▼
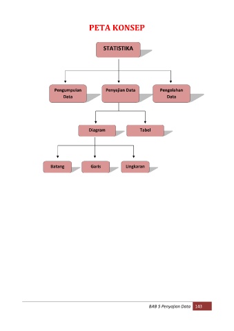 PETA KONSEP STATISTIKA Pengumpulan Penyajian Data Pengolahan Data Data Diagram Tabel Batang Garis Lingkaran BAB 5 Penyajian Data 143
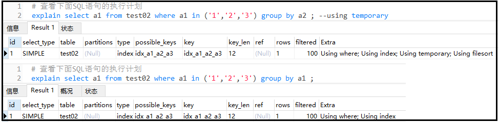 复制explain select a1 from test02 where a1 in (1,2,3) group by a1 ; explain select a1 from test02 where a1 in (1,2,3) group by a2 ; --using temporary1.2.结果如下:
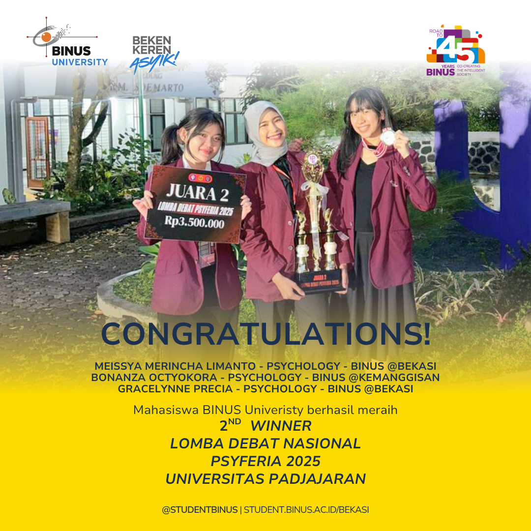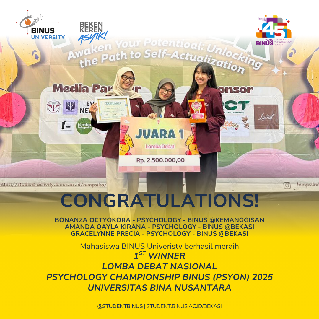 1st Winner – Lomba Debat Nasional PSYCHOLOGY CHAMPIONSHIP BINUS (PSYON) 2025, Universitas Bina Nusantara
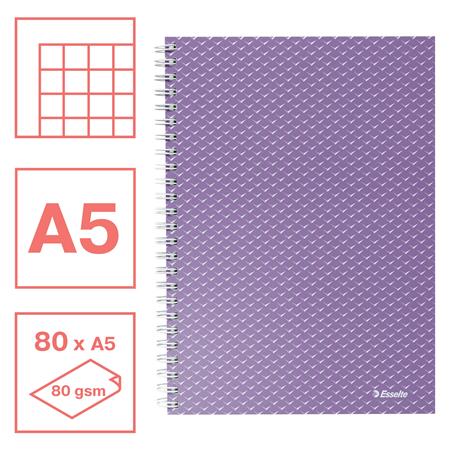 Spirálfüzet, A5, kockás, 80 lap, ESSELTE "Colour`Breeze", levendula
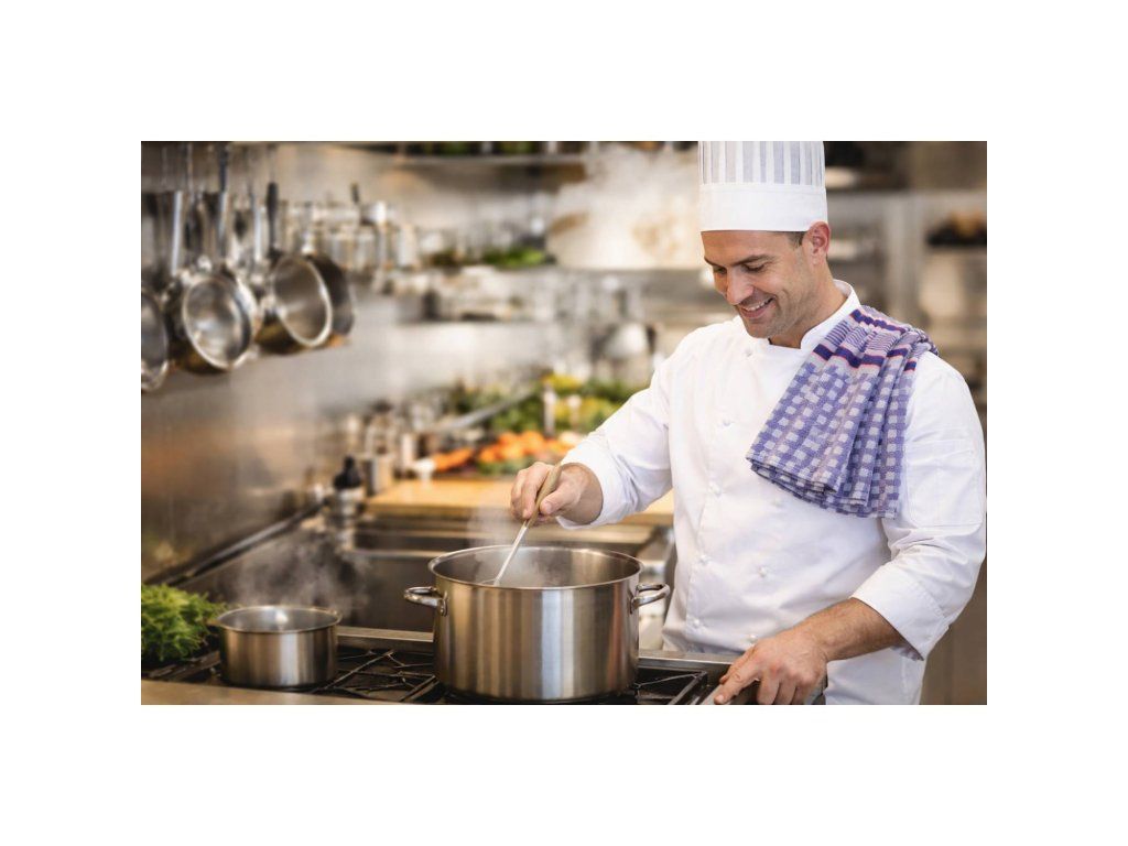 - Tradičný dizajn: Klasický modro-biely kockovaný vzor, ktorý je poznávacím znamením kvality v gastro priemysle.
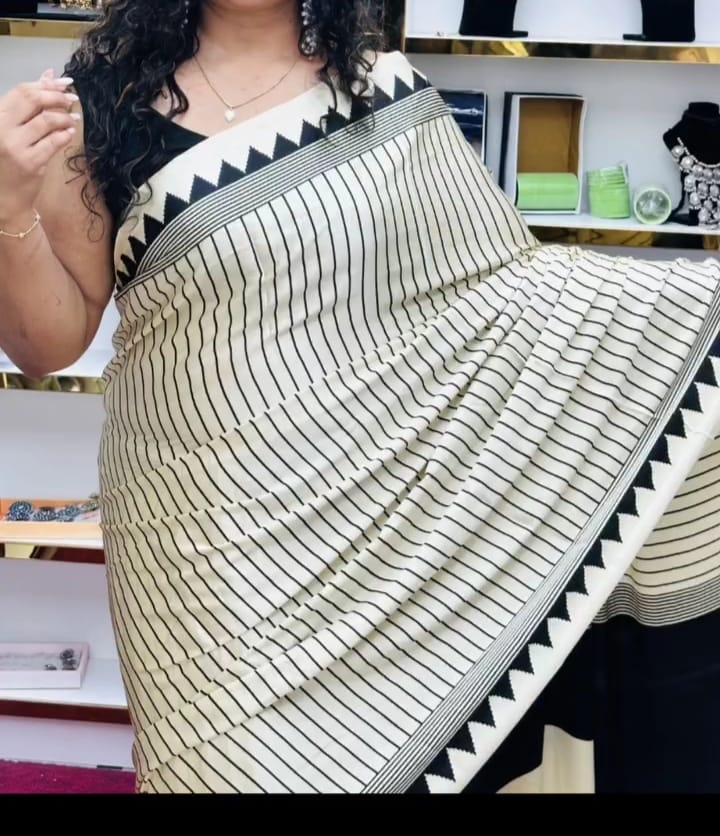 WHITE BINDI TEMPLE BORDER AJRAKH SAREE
▲
Try it: Starting from the first line of the entries above, print each line exactly until the line containing "Spirálfüzet, A5, kockás, 80" has been printed, and skip the pictures.

Output of the exercise:
 PETA KONSEP STATISTIKA Pengumpulan Penyajian Data Pengolahan Data Data Diagram Tabel Batang Garis Lingkaran BAB 5 Penyajian Data 143
 复制explain select a1 from test02 where a1 in (1,2,3) group by a1 ; explain select a1 from test02 where a1 in (1,2,3) group by a2 ; --using temporary1.2.结果如下:
 1st Winner – Lomba Debat Nasional PSYCHOLOGY CHAMPIONSHIP BINUS (PSYON) 2025, Universitas Bina Nusantara
 Spirálfüzet, A5, kockás, 80 lap, ESSELTE "Colour`Breeze", levendula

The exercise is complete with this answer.